Touro University Nevada
- Motto: To Serve, To Lead, To Teach
- Type: Private university
- Established: 2004; 22 years ago
- Parent institution: Touro College and University System
- Accreditation: WSCUC
- Religious affiliation: Jewish
- Campus President and Provost: Andrew Priest
- Faculty: 60 full-time 112 part-time
- Students: 1,687
- Undergraduates: 40
- Postgraduates: 1,647
- Location: Henderson, Nevada, United States 36°02′36″N 115°01′26″W﻿ / ﻿36.043286°N 115.024017°W
- Campus: Urban;
- Website: tun.touro.edu

= Touro University Nevada =

Private university in Henderson, Nevada, US

Touro University Nevada (TUN) is a private university in Henderson, Nevada, United States. It is part of the Touro College and University System. Touro University Nevada is a branch campus of its sister campus Touro University California.

==History==
Touro University Nevada was established to help address critical needs in health care and education, and as a resource for community service in Nevada. A non-profit, Jewish-sponsored, private institution affiliated with an international system of higher education, the university opened in 2004 with 78 medical students. Touro University Nevada is home to more than 1,300 students in a wide range of degree programs in osteopathic medicine, nursing, physical therapy, occupational therapy, physician assistant studies, camp administration and education. Many of these programs are the first of their kind in Nevada. The College of Osteopathic Medicine was Nevada's first osteopathic medical school and the state’s second medical school.

==Academics==
TUN has two colleges:
- College of Health and Human Services
- College of Osteopathic Medicine

The College of Osteopathic Medicine is accredited by the American Osteopathic Association's Commission on Osteopathic College Accreditation (COCA). The World Directory of Medical Schools lists Touro as a medical school along with other accredited Doctor of Medicine and Doctor of Osteopathic Medicine programs. Touro University Nevada has also received accreditation from the Nevada Commission on Postsecondary Education, the American Physical Therapy Association's Commission on Accreditation in Physical Therapy Education, and the American Occupational Therapy Association.

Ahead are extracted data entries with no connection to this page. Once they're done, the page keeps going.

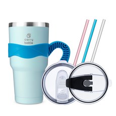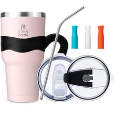 캐리보틀 스탠다드 스테인레스 보온보냉 텀블러 + 플립 빨대 뚜껑 + 전용손잡이 + 스테인리스 빨대 + 마우스 3종 세트, 핑크(텀블러), 투명(플립빨대뚜껑), 핑크(전용손잡이), 마우스(오렌지, 화이트, 블루), 600ml, 1개
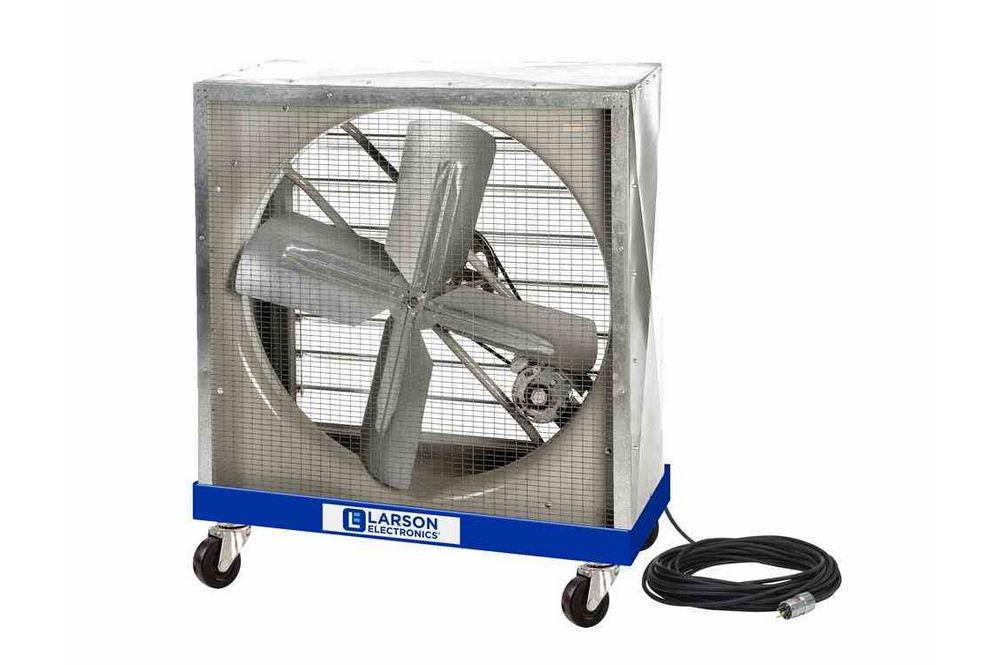 The EPF-RSBF-48-1HP-230V-100 from Larson Electronics is an explosion proof industrial cabinet fan that operates on 230V AC voltages. This explosion proof industrial fan features a 48" diameter spark resistant cast aluminum blade for superior ventilation and air movement as well as a 4-caster rolling stand for convenient and easy movement around the work area. The EPF-RSBF-48-1HP-230V-100 is powered by a fully enclosed and explosion proof 1 horsepower motor. This unit may be used to meet cooling requirements for electronic cabinets, motor control cabinets, fume hoods, air filtration systems and heat exchangers.
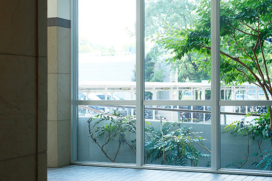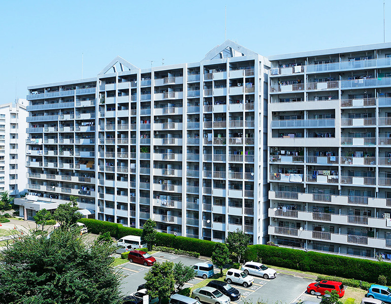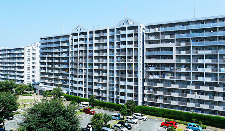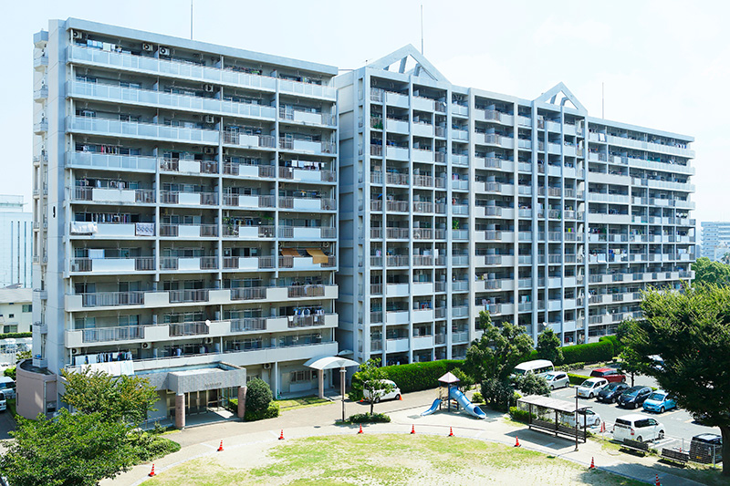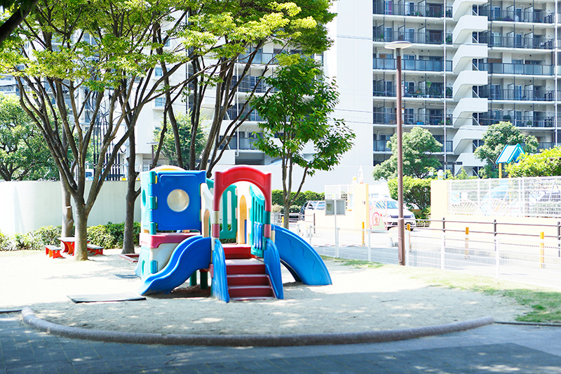 アーベインルネス貝塚は平成6年に旧貝塚団地を建替えてできた比較的新しい団地。全552戸と比較的コンパクトな団地ですが、ゆったりと暮らせる工夫が随所に。まず中央に大きな広場があります。貝塚団地からの流れを汲み、この広場、夏になると夏祭りや団地敷地内にある幼稚園の運動会が行われるんです。住人も一緒になって子どもたちを応援する様子はとても微笑ましいですね。
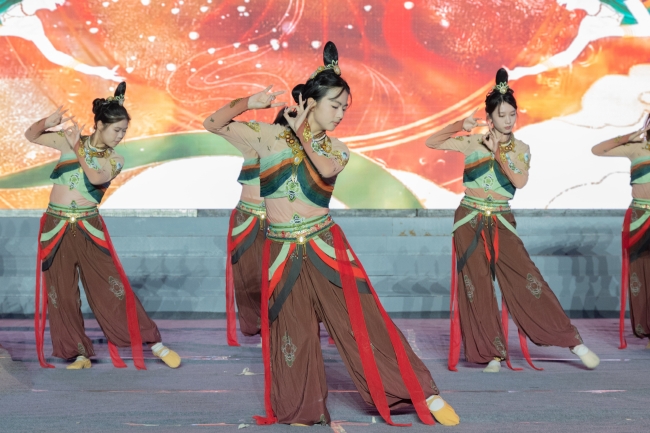 民族舞《伎乐飞天》以敦煌壁画为灵感源泉,将古老的艺术与现代审美完美融合,舞者们身着色彩斑斓、飘逸如云的服饰,或旋转、或跳跃,以曼妙的舞姿诉说着千年的故事。
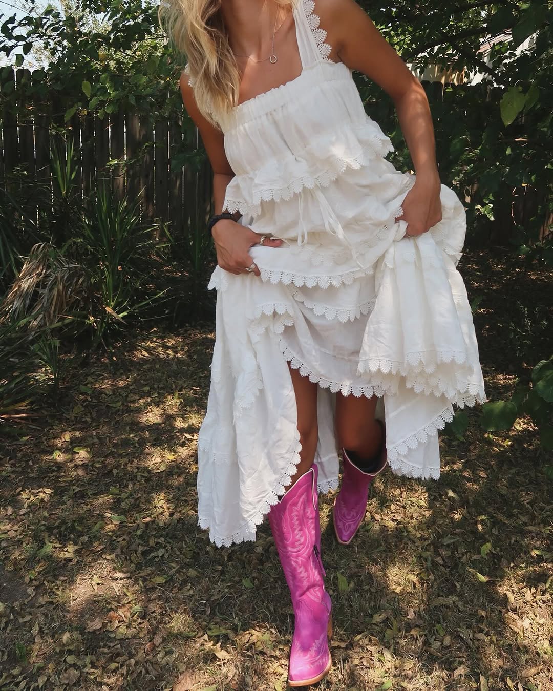 A vision of romance and elegance, the lace cake maxi dress is designed for those who love dreamy, feminine silhouettes. Featuring delicate lace layers and a cascading tiered skirt, this dress brings a touch of fairytale charm to any occasion.
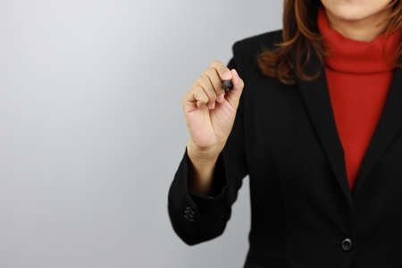 Business woman wearing black and red business suit uniform holding pen and drawing something with confident on white background studio (business growth advertisement concept)
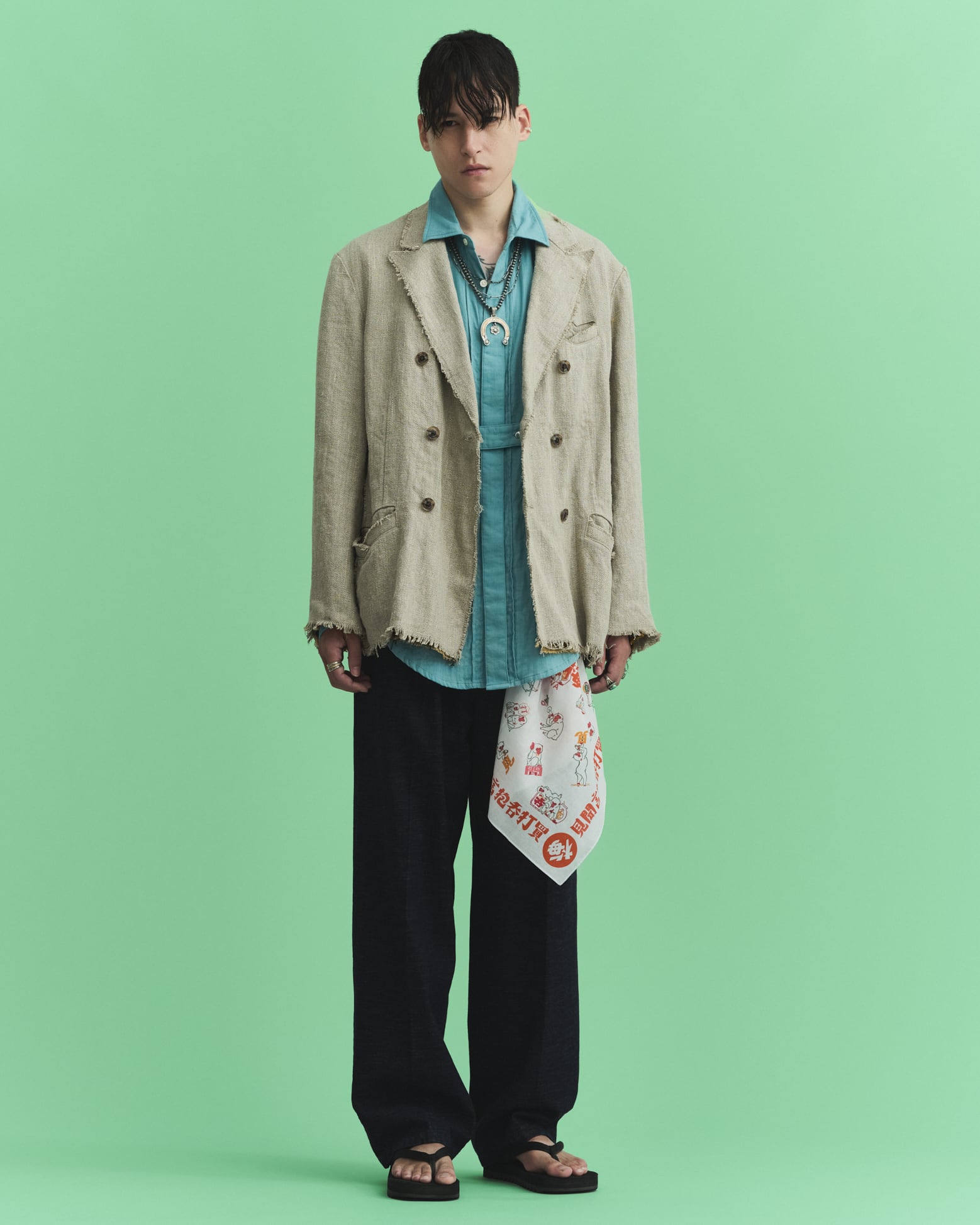 腹部のストラップにインディアンジュエリーをイメージした、雰囲気のある形状のシルバー925製釦を贅沢に使用。
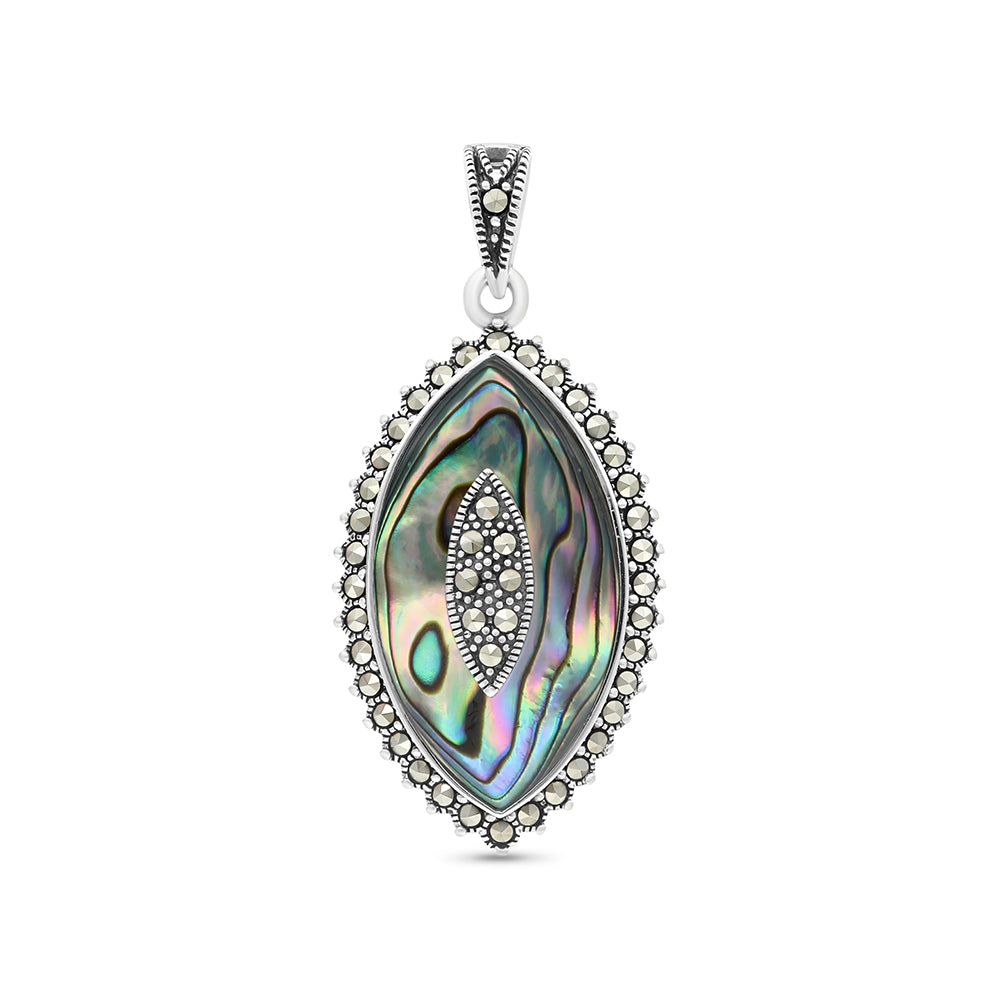 Sterling Silver 925 Pendant Embedded With Natural Blue Shell And Marcasite Stones
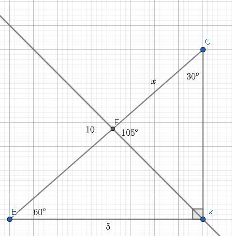 ∠OFK = 105° ⇒ ∠EFK = 180-105 = 75°

===Graduate medical education===

Main entrance to Touro University Nevada in 2026.

Touro University Nevada is the academic sponsor of Valley Hospital’s graduate medical residency program, providing training opportunities for Touro students and post-graduate education for medical residents.

The program currently includes 16 traditional internships for first year trainees who will ultimately progress into other specialties. The largest single internal medicine residency program in the osteopathic medical profession with 45 slots. Other residency programs offered through Touro include residencies in family medicine, an orthopedic surgery, ophthalmology, dermatology, and neurology.

In 2017, the school received a $1.2 million state grant to fund a one-year geriatric medicine fellowship.

==Community resources==
Center for Autism and Developmental Disabilities
Developed to address a growing community need, Touro University Nevada’s Center for Autism and Developmental Disabilities is a multi-disciplinary, one-stop source for diagnostic services, therapy and supportive resources for families dealing with autism and other developmental disorders. This team approach affords individualized treatment programs based on each child’s individual needs. The center also serves as a learning laboratory for university students across the disciplines.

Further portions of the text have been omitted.